When You’re Sold a “Perfect” Treasury Role… and It Isn’t

It’s always interesting when I speak to a candidate – not one I’ve placed, but someone who’s accepted a role through another recruiter.

There’s this particular moment I recognise now. It’s not even a sound. It’s the pause.

That long, heavy silence when I ask, “So, how’s it going?”

Honestly, you could make a cup of tea in the time it takes them to answer.

One candidate replied to me recently, “Mike… it’s mayhem.”

  • Payroll problems across 60 countries
  • 100+ bank accounts, no reconciliation
  • Late payments every day
  • And every morning, a new fire to put out somewhere in the business

She’d been sold a role that was supposedly settled, but it was anything but.

And I’ve heard this story many times before.

You’re promised calm waters…

The interview panel says, “We just need a bit of optimisation”…

Then by week three, you’re firefighting, wondering what you’ve walked into.

My take?

I’ve been asked before, “Mike, what if you get it wrong?”

Here’s the truth: I try very hard to give a realistic picture.

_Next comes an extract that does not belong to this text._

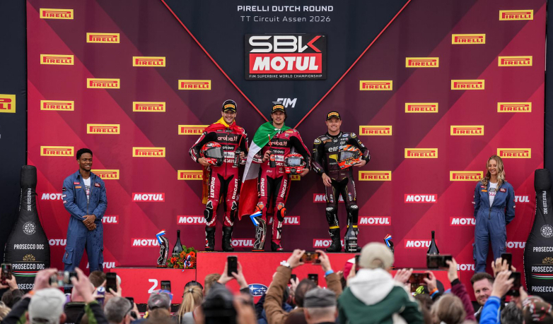 Η βροχή έκανε δύσκολες τις συνθήκες στην πίστα TT Circuit Assen και βοήθησε να δούμε συναρπαστικούς αγώνες σε όλες τις κατηγορίες του WorldSBK. Ο Nicolo Bulega (Aruba.it Racing – Ducati) συνέχισε το τέλειο ξεκίνημά του στη σεζόν με την έβδομη νίκη του, αλλά η μάχη για τη νίκη κρίθηκε μόνο στους τελευταίους γύρους.

So, when someone asks, “What’s the role like?”, I don’t say, “It’s brilliant – everyone’s lovely and the sun shines every day.”

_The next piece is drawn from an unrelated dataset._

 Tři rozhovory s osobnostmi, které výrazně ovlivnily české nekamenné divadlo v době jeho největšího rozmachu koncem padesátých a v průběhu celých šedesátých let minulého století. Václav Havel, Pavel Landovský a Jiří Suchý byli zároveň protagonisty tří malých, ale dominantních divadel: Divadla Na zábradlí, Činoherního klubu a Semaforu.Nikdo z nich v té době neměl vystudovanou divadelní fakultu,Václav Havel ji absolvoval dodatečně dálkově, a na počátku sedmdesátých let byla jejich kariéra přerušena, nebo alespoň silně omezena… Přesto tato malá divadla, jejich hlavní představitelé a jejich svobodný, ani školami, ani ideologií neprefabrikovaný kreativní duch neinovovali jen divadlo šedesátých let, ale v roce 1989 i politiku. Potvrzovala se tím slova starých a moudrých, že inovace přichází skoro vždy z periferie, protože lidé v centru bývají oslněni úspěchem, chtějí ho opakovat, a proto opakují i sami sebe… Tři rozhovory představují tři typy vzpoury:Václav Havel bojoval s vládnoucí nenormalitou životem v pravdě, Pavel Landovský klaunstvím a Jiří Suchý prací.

No. I’ll say, “It’s tough. The first three months will be character-building.”

Because there will be challenges. There will be messy bank structures, broken processes, and long hours.

But I also say this:

You can make a real difference from day one.

By six months, you’ll start to get control. By nine to twelve months, you’ll have the treasury under proper management.

That’s the honest picture.

And yes, sometimes people say, “Thanks, Mike, not for me.” 

That’s fine.

I’d rather someone say no before joining than ring me a month later saying, “What have I done?”

More often though, I hear the opposite.

A few months in, someone calls and says, “You know what? It’s been tough, but I knew what to expect, and we’re turning it around.”

That’s when you know you’ve matched the right person to the right challenge.

But what do you do when reality doesn’t match the brochure?

You’ve got two tracks:

Track A: Try to fix it.
You’re being paid to do a job, so do it. But on your terms.

  • Write a 90-day rescue plan.
  • Prioritise visibility, cash control, payroll stability.
  • Coach upwards (nicely): “Here’s the risk, here’s the quick win, here’s what success looks like in two weeks.
  • Track every outcome – those achievements will help you in your next interview, even if you move on.

Track B: Assess your options.

You don’t need to quit on Friday. But you can quietly test the market.

  • Take exploratory calls.
  • Benchmark your worth.
  • Stay open, but not desperate.

As I’ve said many times:

“The best time to look for a job was yesterday. The second-best time is today.”

Sometimes it gets better. Sometimes it doesn’t.

But the smartest treasury professionals I know always have options and an exit plan if needed.

Because loyalty is great… just don’t let it turn into self-destruction.